Investment banks earned more than $ 320 million from the sale of AT & T’s WarnerMedia to Discovery, just five years after many of the same advisers made huge fees from the sale of the media group to the American telecommunications company.
AT&T agreed earlier this year to turn off WarnerMedia with rival Discovery and merge at a significantly lower price than it paid to acquire the entertainment group in 2016.
New York-based boutique bank Allen & Co received $ 75 million for its services to Discovery, while bankers at JPMorgan earned $ 15 million for advisory work and a further $ 140 million for financing services, according to Discovery’s proxy statement.
WarnerMedia’s advisers include Goldman Sachs, which received $ 47.8 million, and merchant bank LionTree, which, according to Refinitiv estimates, earned $ 43.1 million.
Five years earlier, bankers, including those at Allen & Co and JPMorgan, had earned $ 234 million after AT&T agreed to buy WarnerMedia – then called TimeWarner – for $ 85 billion, according to Refinitiv.
Allen & Co, a non-website advertising firm, received $ 50 million for advice to WarnerMedia on the sale to AT&T while Citigroup and Morgan Stanley raised $ 50 million and $ 40 million respectively. JPMorgan, Perella Weinberg Partners and Bank of America each made $ 31.2 million from advisory services to AT&T.
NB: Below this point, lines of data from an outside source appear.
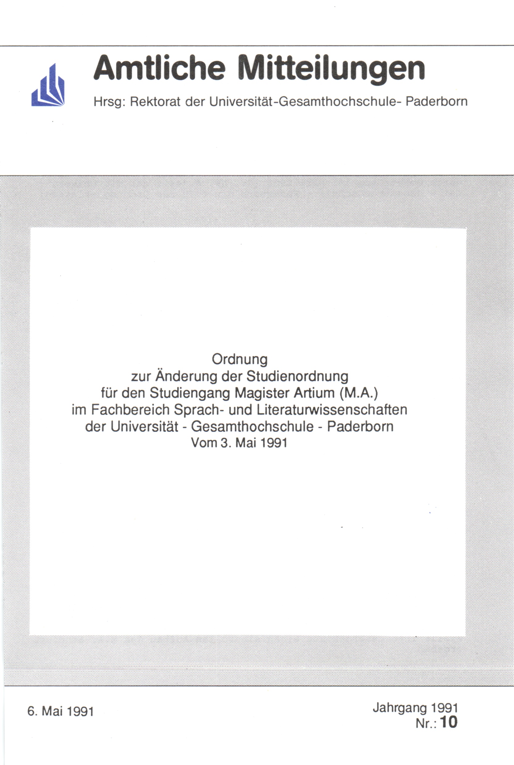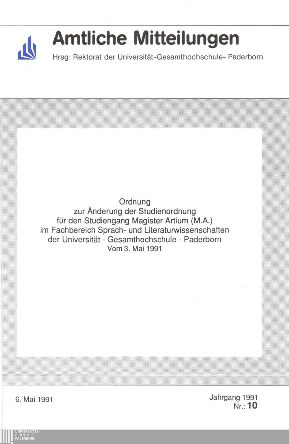Ordnung zur Änderung der Studienordnung für den Studiengang Magister Artium (M.A.) im Fachbereich Sprach- und Literaturwissenschaften der Universität - Gesamtchochschule - Paderborn : vom 3. Mai 1991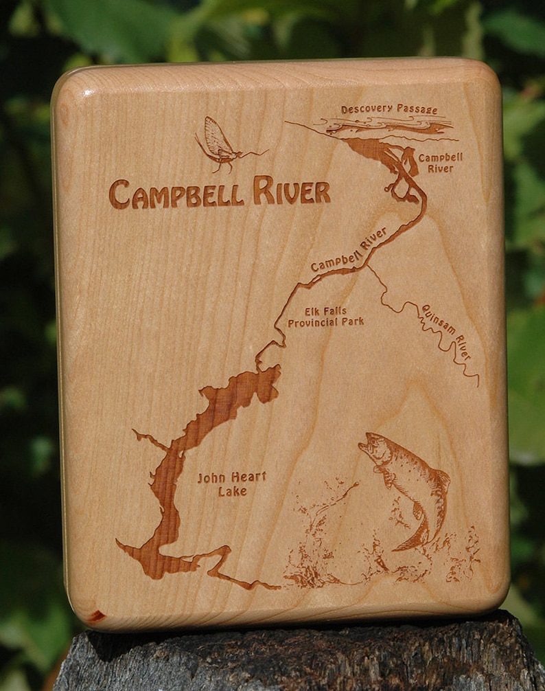 Fly Box Campbell River Map Fly Fishing Canada Handcrafted Laser Engraved Personalized With Name Inscription And Choice Of Artwork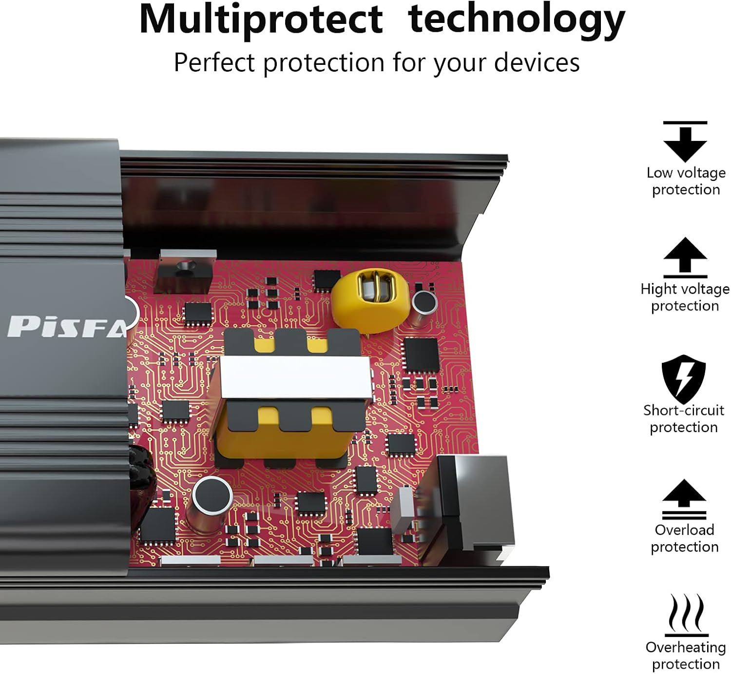 - Double protection mechanism: Smart chip + built-in fuse double protection mechanism. Once the product detects a fault by itself, the inverter will automatically turn off the current output and light up a red light to remind the user, avoiding the trouble of replacing the fuse.

AT & T’s senior executives receive $ 9 million bonus for the acquisition now selected.
Wall Street banks have record fee income of more than $ 100 billion of advice on mergers and acquisitions thanks to a surge in transactions, which for the first time crossed the $ 5tn mark.
Media transactions have been one of the biggest drivers of the boom, as companies rush to compete with streaming services like Netflix. Earlier this year, Amazon bought MGM, the film studio behind James Bond, for $ 8.5 billion.
AT & T’s agreement with Discovery, which creates a company with an enterprise value of $ 132 billion, highlights the speed with which traditional media groups are racing to compete in the power wars. The fees generated by investment banks emphasize the lucrative rewards offered for compiling and pulling out transactions for clients.
The deal, led by AT & T’s CEO John Stankey and Discovery’s David Zaslav, will combine Discovery’s catalogs, ranging from nature to history, with valued media assets, including the Warner Bros. studios, the HBO network behind TV series. Follow-up, and cable television channels including CNN.
JPMorgan, Goldman Sachs and LionTree declined to comment. Allen & Co has no media contact details.